October 2 to December 21, 2025

List of artworks available soon

Carving Memory brings together the three sculptors : Abraham Anghik Ruben, David Ruben Piqtoukun, and Ruben Anton Komangapik, in a two-part exhibition featuring treasures from our collection and some of their most recent works.

With a unique and recognizable touch, the Ruben rank among the most celebrated artists in Canadian Inuit art. David Ruben Piqtoukun and Abraham Anghik Ruben are brothers by blood, while Ruben Anton Komangapik has a brotherly bond with his mentor David. Each artist, through their own personal imprint, shares a deep connection to their roots, culture, and spirituality. In their own ways, they evoke legends and family histories. Stories of healing and resilience are central and told through generational wisdom and experience and knowledge of colonial violence. To tell stories one must first remember. The three artists have chosen to share their world through stone, bronze, bone, and ivory to remember who they are and where they came from.

The gallery space showcases magnificent recent works of David Ruben Piqtoukun and Ruben Anton Komangapik. Belonging to two different generations—David the elder, Anton the younger—they share a sensibility deeply nourished by spirituality, the transmission of ancestral knowledge, and a profound connection with their culture. Their distinct histories open an intergenerational perspective: their works respond to one another, each asserting its own artistic voice.

David Ruben Piqtoukun and Ruben Anton Komangapik are virtuosic in their compositions of transformations, animals, and shamanism. Charged with powerful symbols drawn from Inuit legends and lived experience, their sculptures transport us between past and present. Deeply engaged, some works evoke the memory of colonial violence while affirming the power of resilience. Their creations become both a path of healing and a way of reconnecting, to oneself, to Inuit heritage, and to the collective.

In close dialogue with the gallery space, the permanent collection features an exhibition centered on the works of Abraham Anghik Ruben. Combining meticulous aesthetics and narratives inspired by encounters among Circumpolar and Nordic peoples, Abraham Anghik Ruben speaks of connections between these cultures, myths and spirituality. His inspiration stems from a desire to tell the stories passed down to him, a way of transmuting the scars left by residential schools.
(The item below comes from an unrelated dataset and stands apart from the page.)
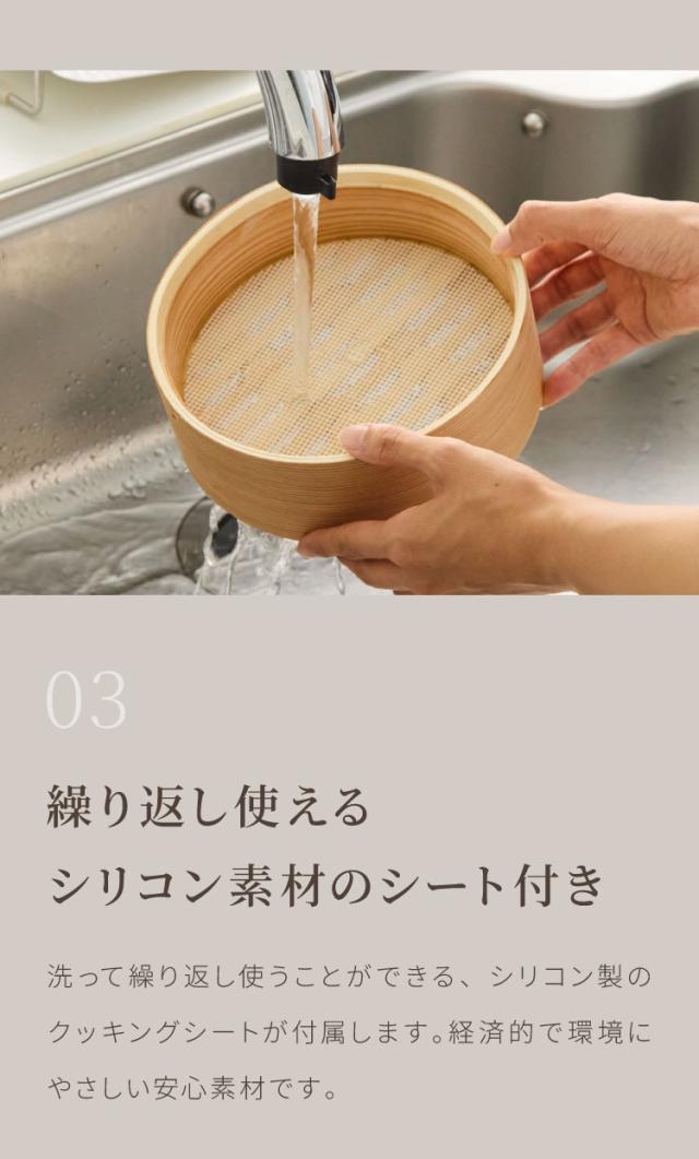 ※せいろは天然素材のため、使用回数や使用状況にかかわらず、隙間、ヒビ、割れ、ささくれなどが生じることがあります。

Through his work, he seeks to reconnect with his identity and culture, and today stands among the great masters of Inuit sculpture.

Inuit believe in the presence of a soul, or inua, in every living being, and the concept of reincarnation lies at the heart of family and community beliefs. With these concepts in mind, the thread that unites the Ruben becomes clear: it is not only the transmission of stories and culture, but also the honoring of continuity between their ancestors, future generations, and themselves.

This exhibition is a curatorial project by the team at La Guilde : Sharon Fontaine-Ishpatao, My-Van Dam, France Cantin et Lassena Coulibaly.

Opening : Thursday, October 2nd at 5:30p.m., artists will be present.